I saw one boy who had what looked like a yellow fungus growing on his head. But his mom said that had gotten red and yellow pills from the drug store and crushed them up on his head. Huh. I tried to take him to outside to scrub it off, but the poor boy jumped a mile in the air when I just poured water over it. Not to mention, the crowd was pretty excited to see a "blan". I was drawing a large crowd rather quickly. I had to make the tough decision to stop my attempt at shampooing. I handed his mother the bottle of shampoo and told her to wash it off and treat it with the medicated ointments we had on hand. I am really curious as to what was under the crushed pills though....
There was a beautiful little girl in a white dress that stands out in my memory. She stood out because she had the slightest tinge of auburn in her hair. Her mother told Russanna at triage that she wanted us to cure her red hair- as red heads are seen as cursed. It's true that malnourished children will often exhibit red hair. And while we saw some of that, it wasn't this case in this beauty. In this culture, red hair is so unique, it's really a shame that it is frowned upon.

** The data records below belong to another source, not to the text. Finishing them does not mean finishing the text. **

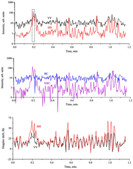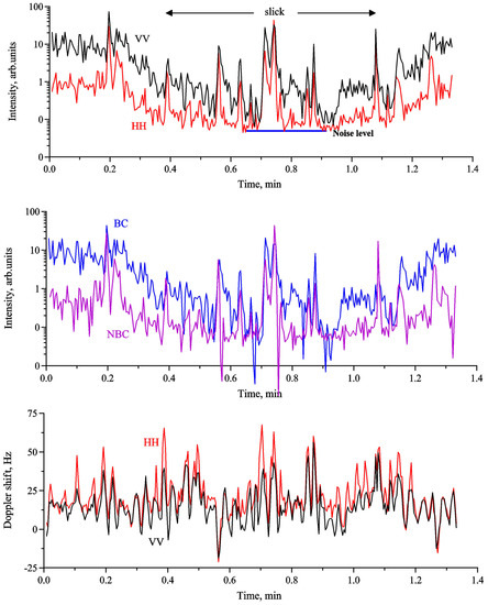 Variations of backscattering at VV- and HH-polarizations in slicks are in general similar to ones in non-slick areas, namely, moderate radar backscatter variations with periods of DWW alternate with more rare spikes. Figure 7 shows simultaneous time series of radar VV-/HH-backscatter, BC and NBC and radar Doppler shift. The slick is characterized by the following averaged contrasts: KVV ≈ 8, KHH ≈ 4, KBC ≈ 17, KNBC ≈ 4. The contrasts, although being of the same order of magnitude, nevertheless differ from each other and show that VV-polarised radar backscatter, as well as BC component, is more strongly suppressed in slick than HH- and non-Bragg components. The suppression of BC is associated with enhanced viscous damping of Bragg cm-scale waves due to films, while the suppression of NBC is related to weaker damping of longer dm-scale waves and suppression of related nonlinear structures, presumably responsible for formation of NBC. The relation between different contrasts, however, is not universal (see, for example, [18]) and can vary depending on meteorological conditions, film characteristics, sea state and so forth.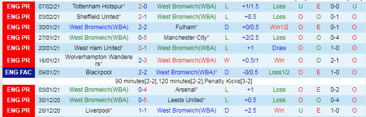 + Thống kê 10 trận gần nhất của West Brom
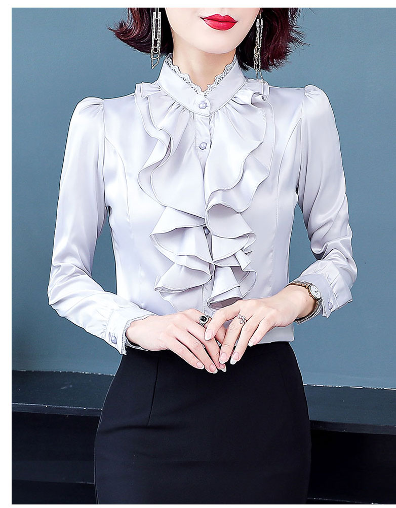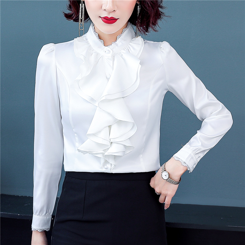 화이트 셔츠 여성용 긴팔 가을과 겨울 한국 스타일 패션 새틴 쉬폰 탑 프로페셔널 슬림핏 스탠딩 칼라 러플 셔츠
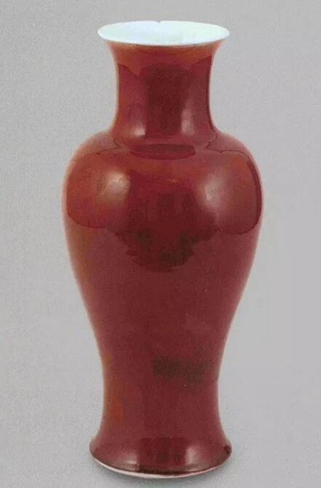 郎窑红釉是康熙晚期景德镇仿烧明代永乐、宣德时期鲜红釉瓷器而产生红釉新品种。康熙四十四年至五十一年,江西巡抚兼景德镇御窑厂督理主持窑务,由于清代官窑瓷器常以督陶官姓氏冠以窑名,所以在郎廷极为督陶官期间创烧的红釉新品种,称为郎窑红釉。郎窑红釉瓷器,以氧化铜为着色剂,生坯挂釉,入窑经1300℃高温再还原气氛中一次烧成。郎窑红釉瓷器造型以瓶、尊为主,尤以观音尊最有特色,釉色鲜红,颜色随垂流逐渐加深,釉面清亮,玻璃质感较强,釉面有开片、鬃眼和牛毛细纹,口部釉薄露出胎骨白色,红釉垂流通常不过底足,有“脱口垂足郎不流”之说,底足为“米汤底”或“苹果绿底”,偶见红釉底,一般不署款识。

There was also a boy who had an extremely high fever and we feared he had meningitis. When we told him we would like to start an IV for fluids and IV antibiotics he left AMA (minus the paperwork). Tony told him he must go to the hospital, but I'm not sure he was eager to take our advice. We can only hope our advice was followed.
This trip is teaching me how important it is to have faith. I have to trust what the patients and translators are telling me, I have to believe my instructions will be followed and most importantly, I have to trust that it will all work out in the end. We have encountered both big and small hurdles and have graced over them with relative ease. As a team, we are unstoppable and that it is an amazing blessing.
We used almost all of our remaining supplies and medicine by the time we needed to pack up and go. Our departure was the way I prefer: uneventful. We simply left the random items we had left with the Pastor of the tiny church we inhabited and walked to the van like vehicle we were riding in.
I think this vehicle deserves it's own paragraph. It was a high profile mini-van meant to hold 12 people snugly. It even had "jump seats" that folded down for those unfortunate enough to be seated there. We crammed 19 people, personal bags and water in it. We even had our green bags of supplies strapped to the roof. When you factor in the sweltering heat and humidity, it's not a pleasant memory. When you add in Haiti traffic, it becomes borderline miserable. I know I thought yesterday was stifling, but that was nothing compared to today's travels. After already being hot, dehydrated and tired from working a clinic, getting back into this mode of transportation was less than appealing.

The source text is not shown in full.